* **EXERCISE DETAILS**: All that is needed is the run of lines from the top of the entries to the line with "Une fausse affiche", that line included, repeated exactly and free of pictures.

* **DATA TO PROCESS**:
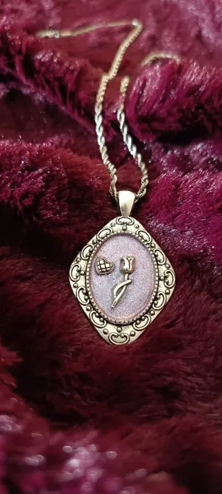 Collana Vintage Cammeo Rosa e Cuore
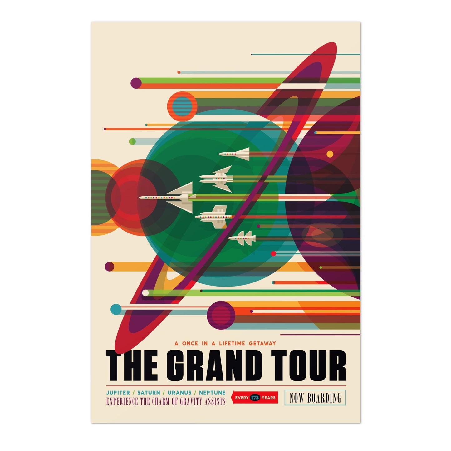 Une fausse affiche de tourisme spatial de la collection « Visions Of The Future » de la NASA / JPL, disponible sous forme d'impression giclée haute résolution dans une variété de tailles sur mesure.
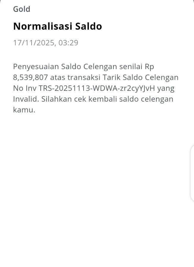 Saldo celengan merupakan dompet saldo Treasury yang digunakan untuk menyimpan uang kita dalam bentuk rupiah, baik untuk top up maupun penarikan saldo sebelum dan sesudah transaksi jual beli emas digital. Ketiga transaksi tersebut dinyatakan “Rejected“, dengan keterangan bahwa permintaan penarikan celengan Anda tidak dapat diproses. Silakan coba dan periksa kembali saldo celengan Anda. Screenshot transaksi terlampir.
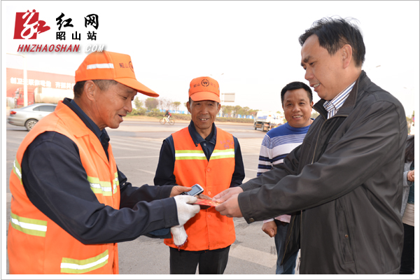 10月26日,昭山示范区党工委副书记、管委会主任成秋兴(右一)为环卫工人送去节日的问候。
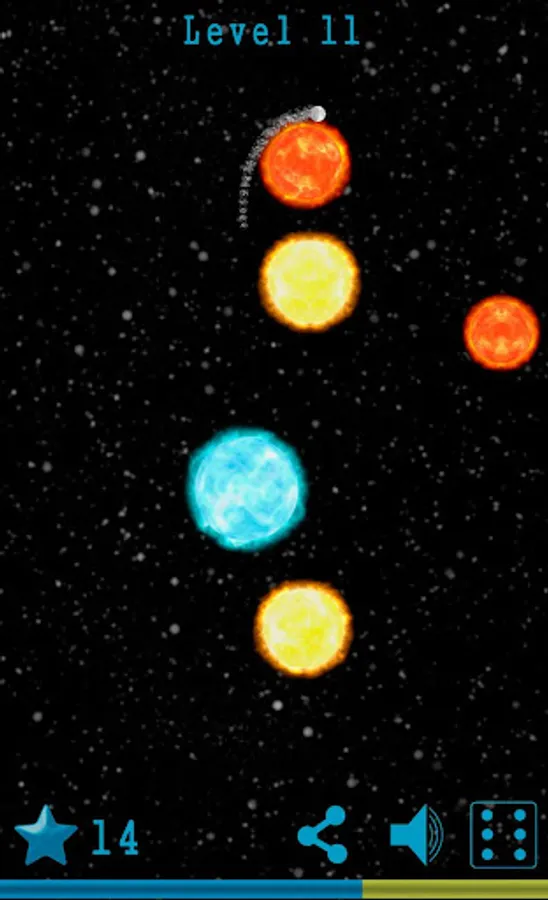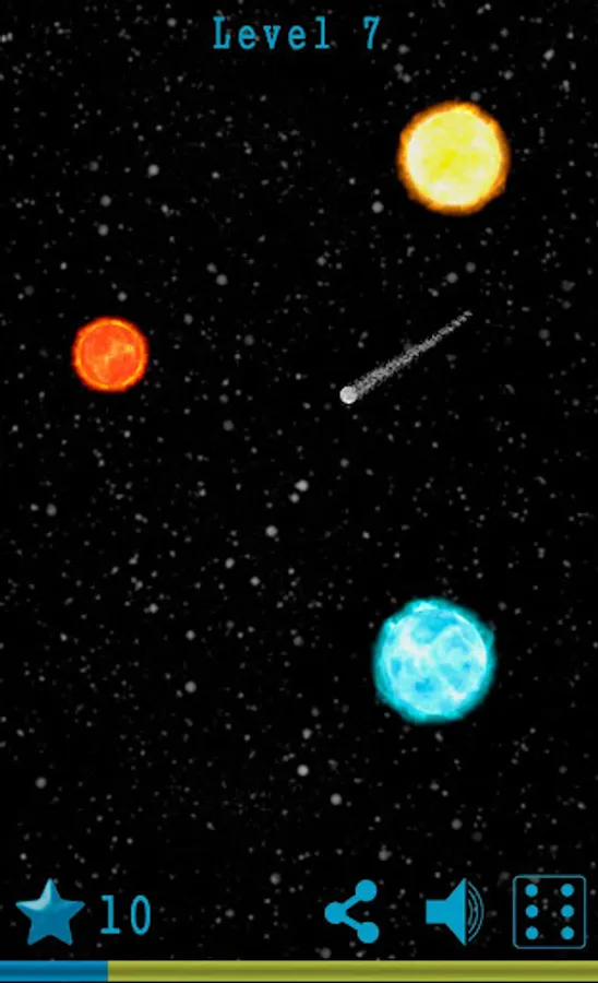 Your goal is to guide a comet through the universe full of hot stars. Avoid hitting stars - keep your comet away from them as long as you can.
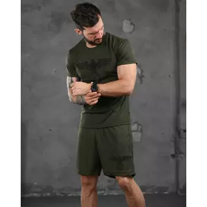 Підготуйтеся до літа з нашим стильним чоловічим комплектом, що містить комфортні шорти та футболку. Шорти виготовлені з легкого дихаючого матеріалу, який ідеально підходить для активного способу життя. У них зручний пояс на зав'язках для ідеальної посадки. Футболка виготовлена з поліестеру, що забезпечує еластичність і комфорт. Вона має стильний принт на грудях і чудово поєднується із шортами.
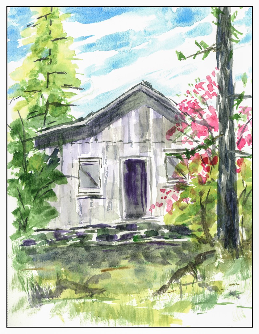 Very difficult to paint something as ordered as a building without some guidelines such as pencil -lines – though I think you did well on the second painting and there is something to be said about the first painting, especially the areas of white paper – it’s just a sketch after all.
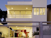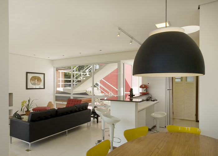Todo o programa da casa se desenvolve no nível superior. Foi criado um vazio entre os dois corpos desse pavimento para diminuir o aspecto estreito e comprido da construção. Nele estão as escadas em balanço.
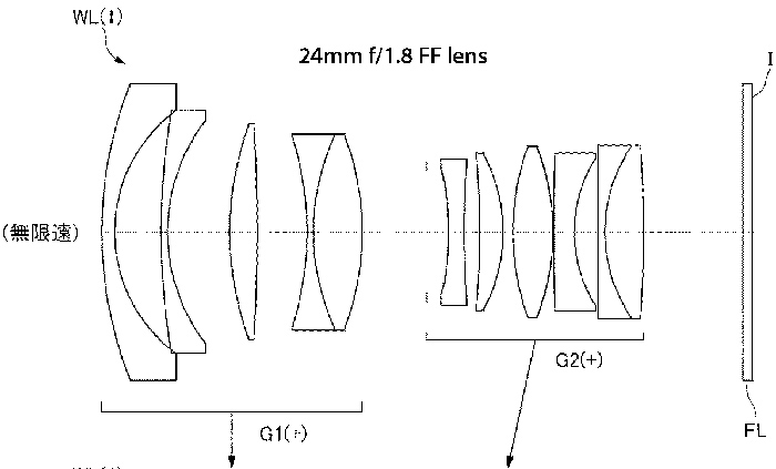 아래의 니콘의특허는 새로운 24mm f/1.8렌즈의특허이며 2 개의버전이다. 1 개는 풀프미러리스용이며 1 개는 크롭미러리스용이다.
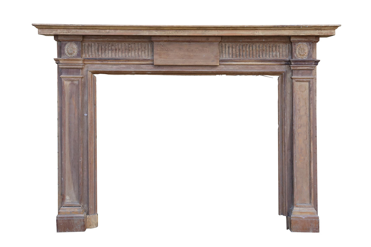 The design is refined yet robust. A raised plain panel, ideal for a motto, date or family crest, sits above a fluted mantel. Each side features rosettes above beaded columns, completing the classic composition. This hand carved fireplace surround complements a traditional setting with ease. However, it also provides a striking contrast in a modern interior, bringing warmth and individuality.
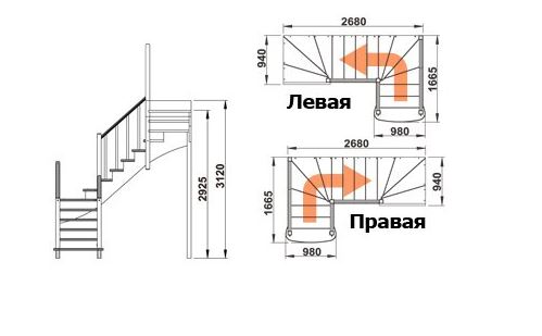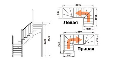 Высота лестницы: 2925 мм
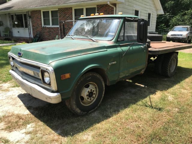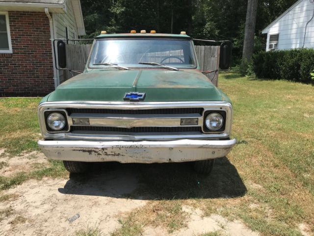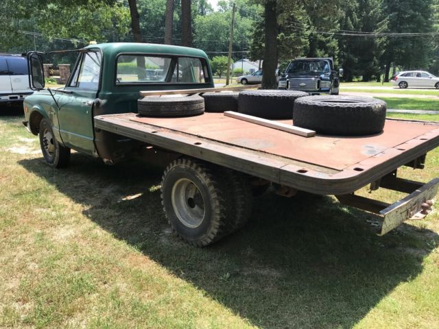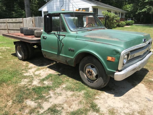 Up for sale is a 1969 C-30 dual rear wheel two wheel drive 6cyl 4 speed. It does run and drive but needs a tune up and the breaks are spongy. I purchased it a couple of months ago with the intensions of doing a complete restomod. I do not have the time right not to do any projects. The cab corners rocker panels and floor needs to be replaced. Also has some rust on frame. Factory options were flat bed, auxiliary springs, oil gauge, green vinyl trim, w/coast mirror, heavy duty front spring, Dual rear wheel conversion, Dark green Paint.
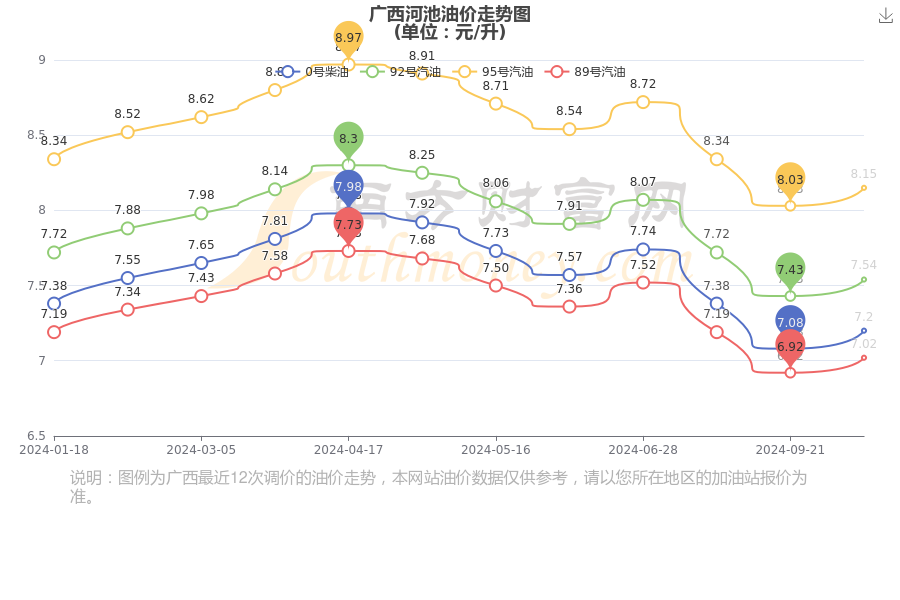 10月23日广西河池汽油柴油每升的价格为10月11日调整后的价格,具体如下:92号汽油7.54元;95号汽油8.15元;89号汽油7.02元;0号柴油7.2元。
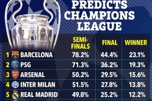 體育資訊4月8日訊?歐冠1/4決賽首回合,阿森納主場對陣皇馬,拜仁主場對陣國米。賽前,超算預測了歐冠晉級概率。

* **RESPONSE BOX**:
 Collana Vintage Cammeo Rosa e Cuore
 Une fausse affiche de tourisme spatial de la collection « Visions Of The Future » de la NASA / JPL, disponible sous forme d'impression giclée haute résolution dans une variété de tailles sur mesure.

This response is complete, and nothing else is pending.